[Recorded data]
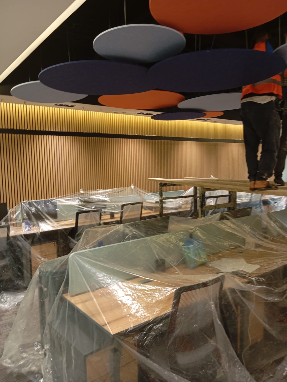 The scope of work included providing lightweight, durable, and visually appealing PET baffles designed to improve acoustic performance while complementing the office’s modern interior design
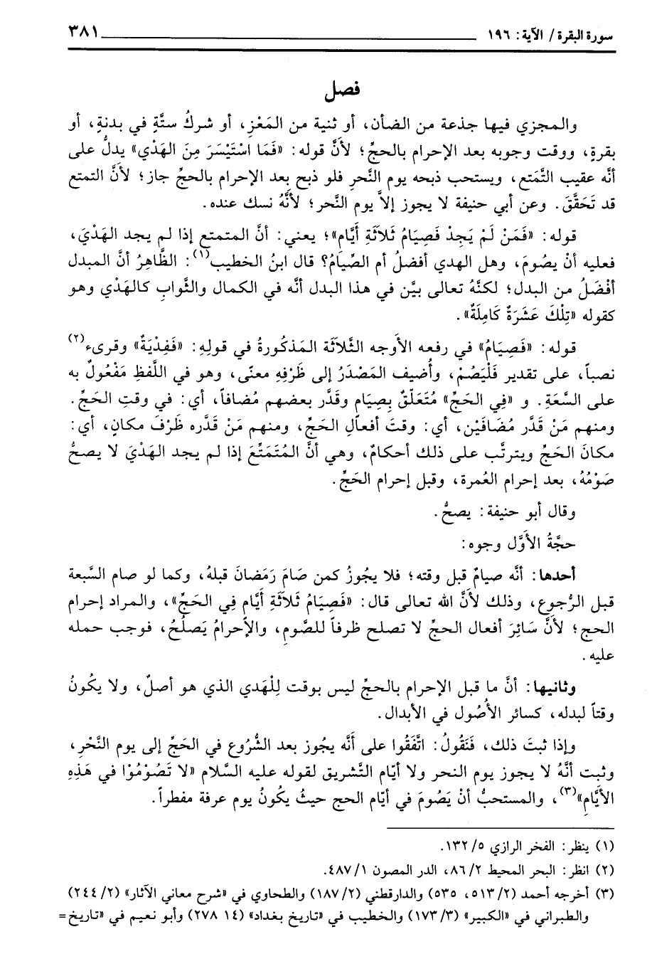 وإذا ثبتَ ذلك، فَنَقُولُ: اتَّفَقُوا على أَنَّه يجُوز بعد الشُّرُوع فى الحَجِّ إلى يوم النَّحْرِ، وثبت أنَّهُ لا يجوز يوم النحر ولا أيّام التَّشريق لقوله عليه السَّلام: «لا تَصُوْمُوْا فى هَذِهِ الأَيَّامِ» ، والمستحبُّ أنْ يَصُومَ فى أيّام الحج حيثُ يكُونُ يوم عرفة مفطراً.
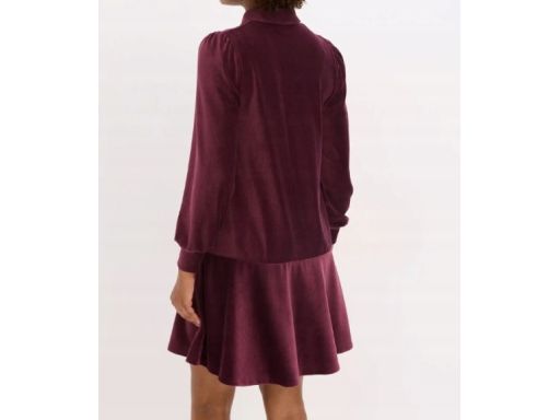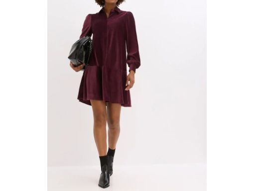 B.P.C sztruksowa sukienka jagodowa z kołnierzykiem 40/42.
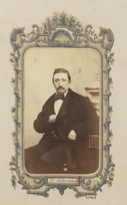 Ritratto in studio del gemonese Valentino Ostermann, folclorista, studioso delle tradizioni popolari e insegnante. Seduto su una sedia nello studio fotografico e ripreso con la mano destra dentro la giacca. Fu partecipe degli ideali risorgimentali e dello sforzo messo in atto da quella generazione per ricostruire il tessuto culturale del Friuli postunitario, ricercatore positivista, uomo di scuola. La sua opera più nota è "La Vita in Friuli", pubblicata a Udine nel 1894.
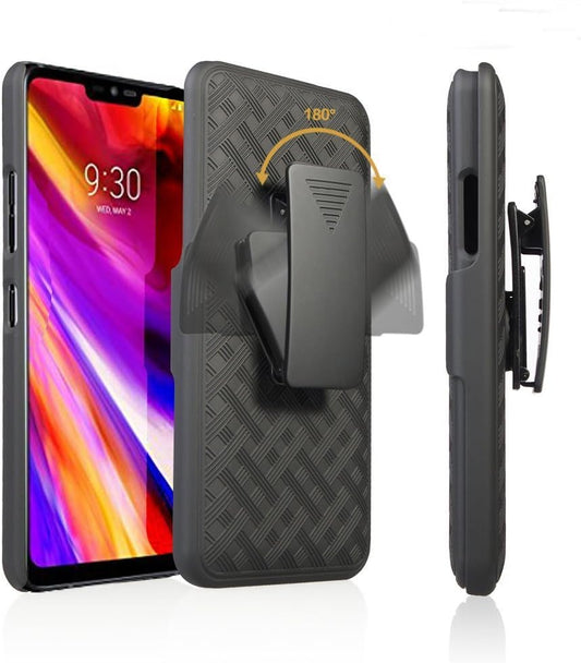Coque LG G7, coque LG G7 Thinq, clip ceinture, coque béquille Criss Cross noir, nouveau design à carreaux pour LG G7, LG G7 Thinq
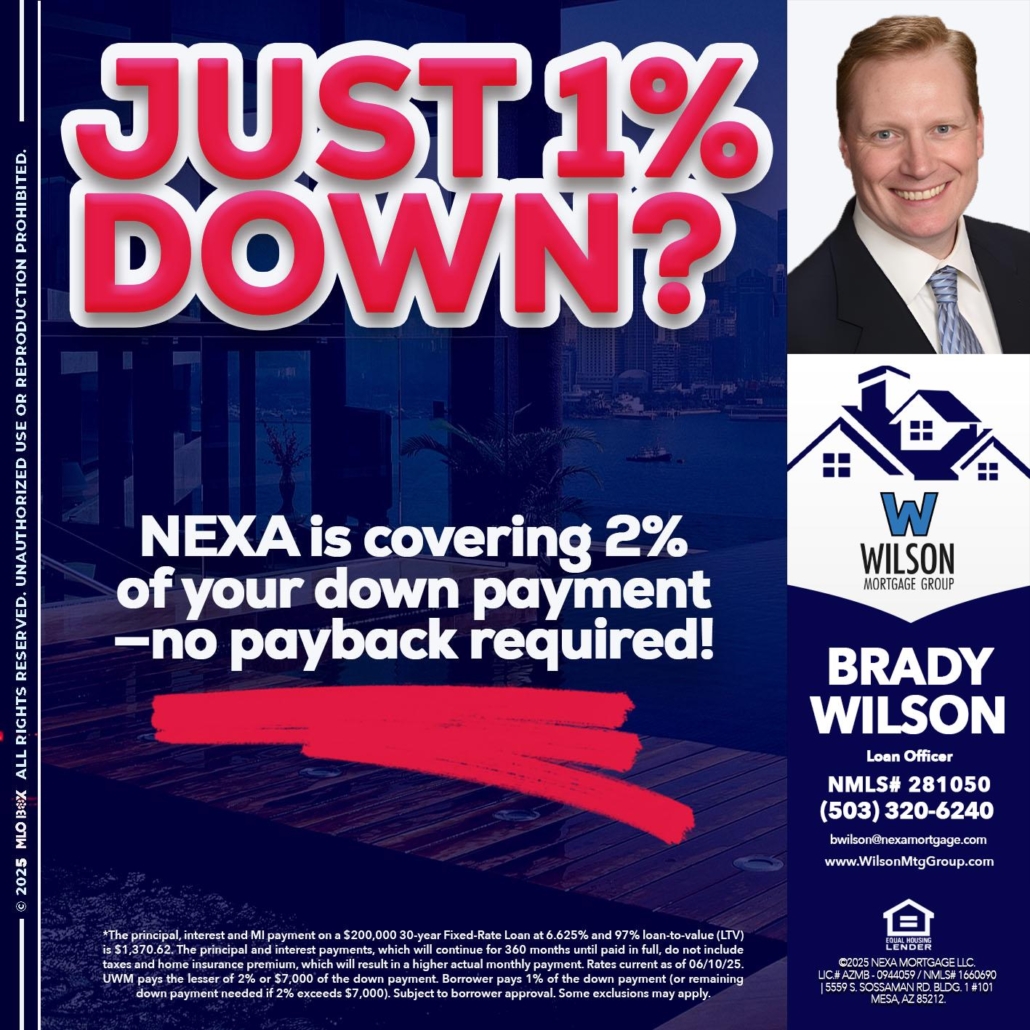 Hi, my name is Brady Wilson. I’m a Loan Officer with NEXA Mortgage LLC., offering personalized mortgage solutions, fast customized quotes, great rates and service with integrity.
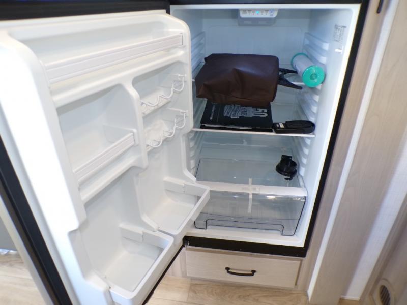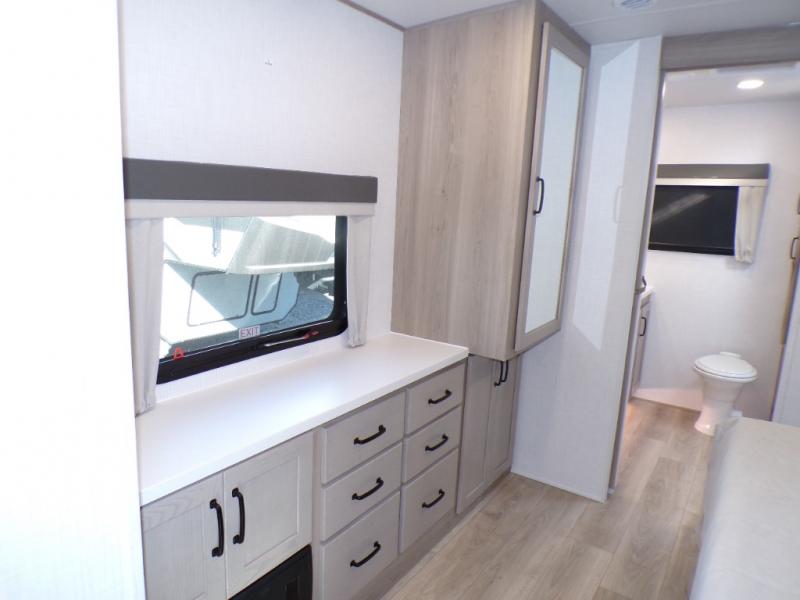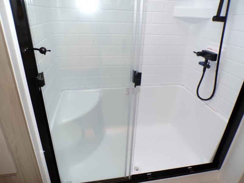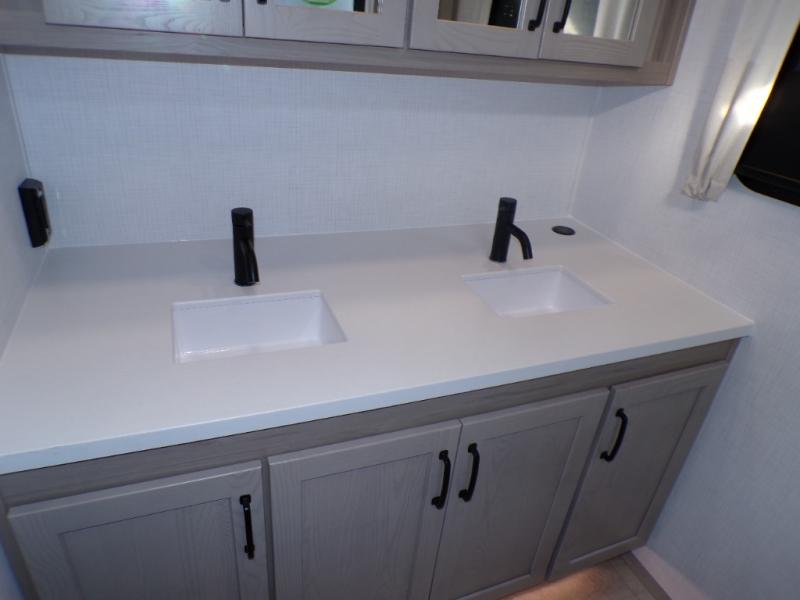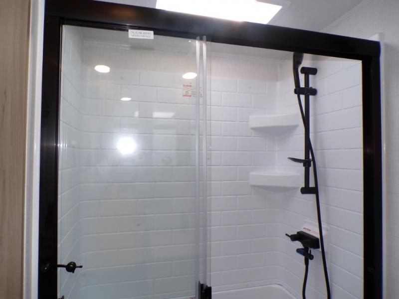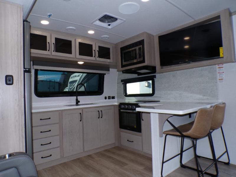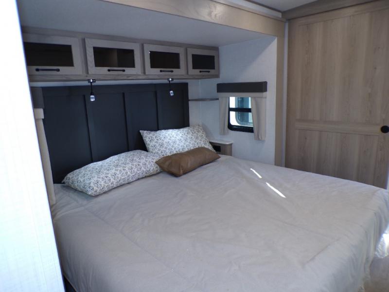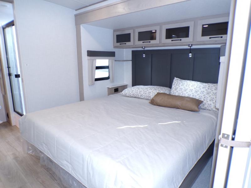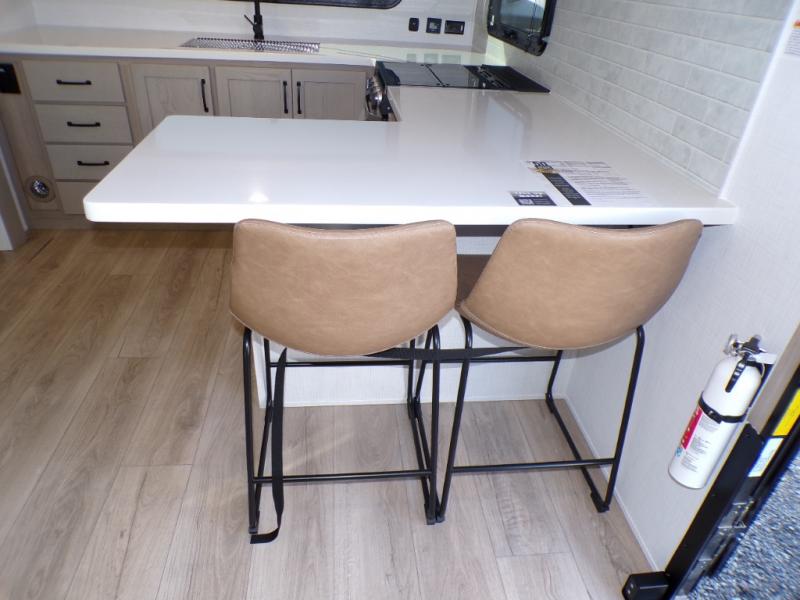 You will love how open this travel trailer will feel with the large front window that you can look out from the two-person bar top seating! The front kitchen has plenty of countertop space for you to prepare your best meals. Your nights will be spent in true relaxation with a 67" theater seating and king bed slide in the bedroom for a great night's rest. The full rear bathroom has a shower with a seat to take a nice, hot shower before bed, and a dual-sink vanity for two to get ready at once in the mornings!

** YOUR ASSIGNMENT **
Beginning with the first line of the records and ending with the line that contains "B.P.C sztruksowa sukienka", reproduce every line exactly, omitting pictures and adding nothing.

** YOUR SOLUTION **
 The scope of work included providing lightweight, durable, and visually appealing PET baffles designed to improve acoustic performance while complementing the office’s modern interior design
 وإذا ثبتَ ذلك، فَنَقُولُ: اتَّفَقُوا على أَنَّه يجُوز بعد الشُّرُوع فى الحَجِّ إلى يوم النَّحْرِ، وثبت أنَّهُ لا يجوز يوم النحر ولا أيّام التَّشريق لقوله عليه السَّلام: «لا تَصُوْمُوْا فى هَذِهِ الأَيَّامِ» ، والمستحبُّ أنْ يَصُومَ فى أيّام الحج حيثُ يكُونُ يوم عرفة مفطراً.
 B.P.C sztruksowa sukienka jagodowa z kołnierzykiem 40/42.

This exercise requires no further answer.